The proactive cache can be built using MOLAP, ROLAP, or HOLAP. The UDM provides an easy mechanism to assist you with the decision among these three architectures. It points out the tradeoffs these three architectures make between latency and responsiveness. This enables you to determine which architecture to use based on the business needs without getting lost in the technical details.
The definitions of all the objects in the UDM are stored as XML text files. Each of the data source, data view, dimension, and cube definitions is stored in its own text file. These XML text files do not contain any of the data for the object—the dimension text file does not contain any of the members of the dimension, the cube text file does not contain any of the preprocessed aggregates. The XML text files simply contain the definitions—the dimension text file tells which table and field holds the members of the dimension, the cube text file contains the information on how the preprocessed aggregates will be managed.
In short, these XML text files act as the source code for the UDM.
The UDM features a novel architecture boasting a unique set of capabilities. These capabilities provide us with a number of advantages over more traditional OLAP implementations. They go a long way toward solving the problems and frustrations that often accompany business intelligence implementation.
The UDM allows OLAP cubes to be built directly on top of transactional data. The UDM does not need a strict star or snowflake schema data mart as its data source. Instead, any well-structured, relational database works just fine.

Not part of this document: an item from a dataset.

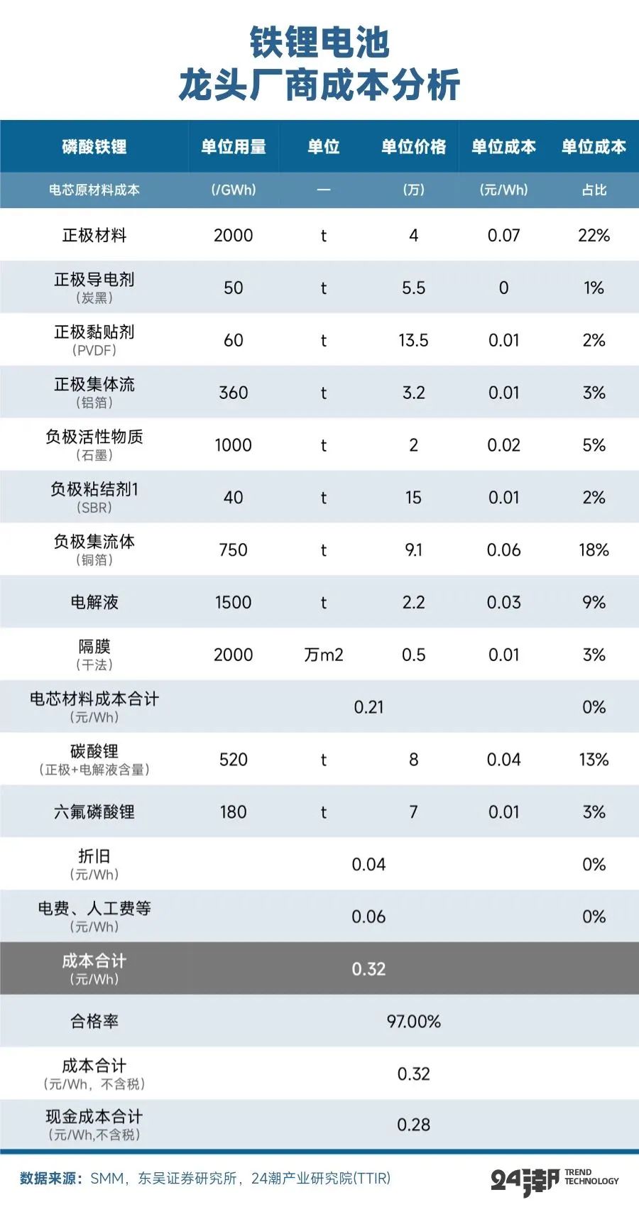 根據(jù)東吳證券此前分析測算,按照碳酸鋰8萬價格測算,龍頭鐵鋰電芯成本預計0.32元/Wh左右(不含稅),龍頭三元523電芯成本預計0.45元/Wh左右(不含稅);而二線廠商鐵鋰與三元電芯成本約分別為0.37/Wh和0.50/Wh左右。

This eliminates the effort necessary to copy data from the OLTP system into a data mart. With UDM, the data can be utilized directly from the OLTP system without a large extract, transform, and load process. This greatly simplifies an OLAP implementation project, providing savings of both time and money.
By building our OLAP system directly on top of the OLTP system, we can eliminate much of the latency required in data warehousing systems. In fact, we can have real-time or near real-time performance. However, we must take care to balance the need for real-time business intelligence with the load that is placed on the OLTP system. Still, if the computing power is available, real-time performance is attainable in a straightforward environment.
The UDM architecture removes much of the complexity that accompanies most OLAP projects. The UDM eliminates the need to create and maintain a data mart, and it does away with the extract, transform, and load routines that must accompany it. This alone makes creating business intelligence with the UDM orders of magnitude simpler than other OLAP architectures.
On top of this, the Business Intelligence Development Studio provides a user-friendly environment for creating, reviewing, and maintaining all of the items in a UDM. Dimension and Cube Wizards guide you step-by-step through the creation of these objects, making suggestions along the way. In short, it has never been easier to provide the benefits of an OLAP system to your decision makers.
Because the definition for each of the objects in the UDM is stored in its own XML text file, the objects in the UDM can be managed by a source code utility. The source code utility can track these objects as you develop your UDM. It can also provide version control in case you need to undo a change to an object's definition and roll it back to an earlier version.